In my considered view, Pakistan and North Korea have been the perfect partners in blackmailing the rest of the world; they demonstrate their nuclear and missile prowess but do not go the extent of actually using them with the hope that the rest of the world, nervous with their destructive capabilities, will accede to their demands of security and economic assistance. For them, doing something is less important than appearing to be “about to do something”. In other words, they do what they know the best: getting everyone tied up in nervous knots.

Viewed thus, it is least likely that North Korea will really attack the United States. In any case, despite its bravado, the fact remains that North Korea has not conducted a single test of its intercontinental ballistic missiles (a series of testing is necessary before any missile, let alone an ICBM, is deployed in to the forces of a country – one must be sure of the guidance systems, the tracking capacity, the targeting technology and heat-shield material that hit the target). Likewise, it is equally unlikely that North Korea’s dictator Kim Jong-un will ever agree to President Trump’s demand that the peace in the Korean peninsula must be based on the commitments to make it free from nuclear weapons and missiles. As argued above, North Korea, like Pakistan, perceives its weapons and missile programmes as the best guarantees for its survival, at least that of the regime (strongly dominated by the military or force).

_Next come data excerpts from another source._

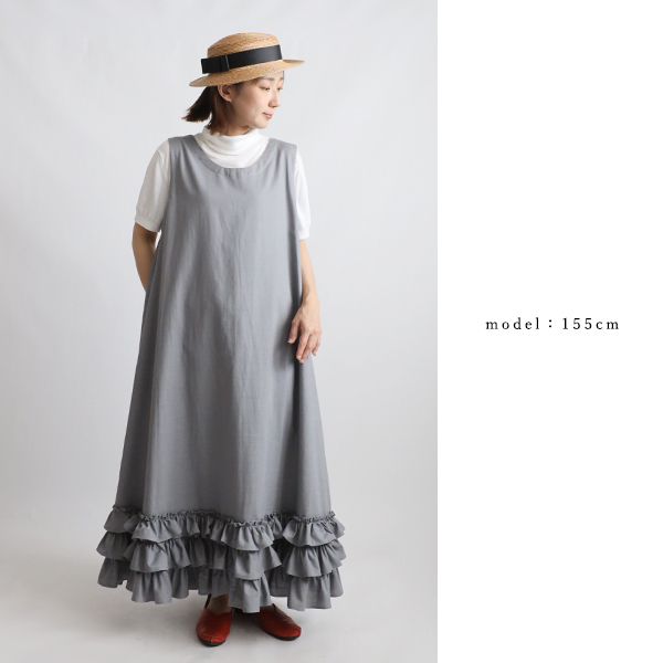 - 秋の新作 124cm丈 ギマ擬麻コットン 贅沢裾フリル ノースリーブ ロングワンピース ジャンスカ グレー F23A
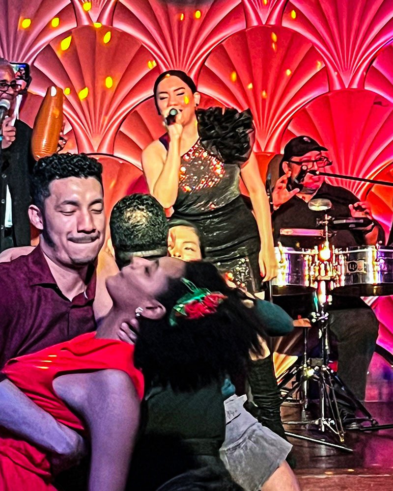Al público: no tienen idea de cómo llenaron mi corazón al verlos bailar un tema nuevo de esta servidora; ese momento no tiene precio. Como bailadora —leve, no modo pro jajaja—, regularmente si no conocemos un tema no nos aventuramos a bailarlo, porque obviamente no sabemos cómo va. Pero ver a los bailadores bailando nuestra canción, e incluso a una señora que no conocía al fondo cantándola siendo la primera vez que la escuchan, es un momento mágico.
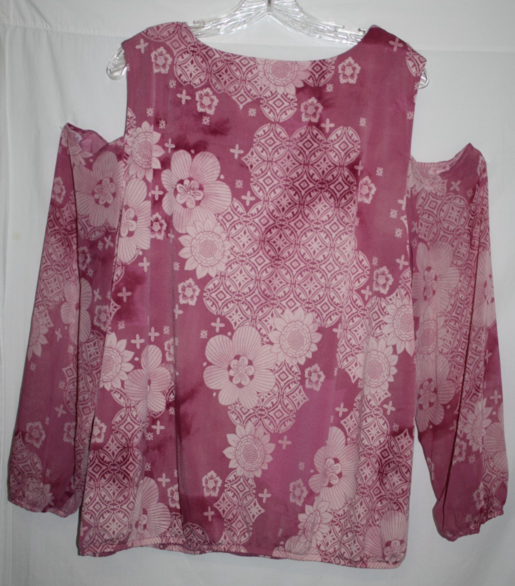 JM Collection, Woman, Size XL, Pink Floral, Blouse, Cold Shoulder, Top, Beaded Round Neckline, Light/Dark Shades of Pink, Mauve, Cream, Elastic at bottom hemline and at sleeve wrists
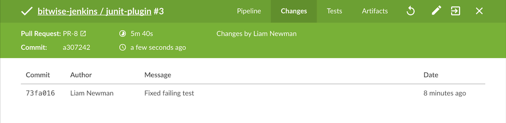 Changes 탭에서는 파이프라인을 실행한 커밋에 대한 내용을 확인할 수 있습니다.
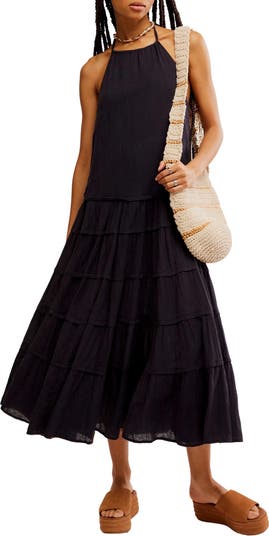 A decadently tiered silhouette and backless design will have you dreaming of somewhere sunny in a halter midi dress cut from fresh cotton gauze.

The only reasonable course towards peace that has got some chance of success is to ensure that the international community desists from doing anything that contributes directly or indirectly towards the augmentation of the nuclear and missile programmes of North Korea (the same is true for Pakistan). I agree here with noted defence analyst Harry J Kazianis: "If you seek to profit from helping one of the world's most rogue regimes build nuclear weapons or long-range missiles you will pay the most severe of prices — slapped with the label of international pariah. While sanctions won’t solve the problem entirely, or erase the nuclear knowledge from the minds of North Korea’s scientists, such measures could greatly slow the rate of technological development and raise the costs of such work for Pyongyang.”

But will China listen? The answer has got implications for the overall peace and security of the Asia-Pacific, India included certainly.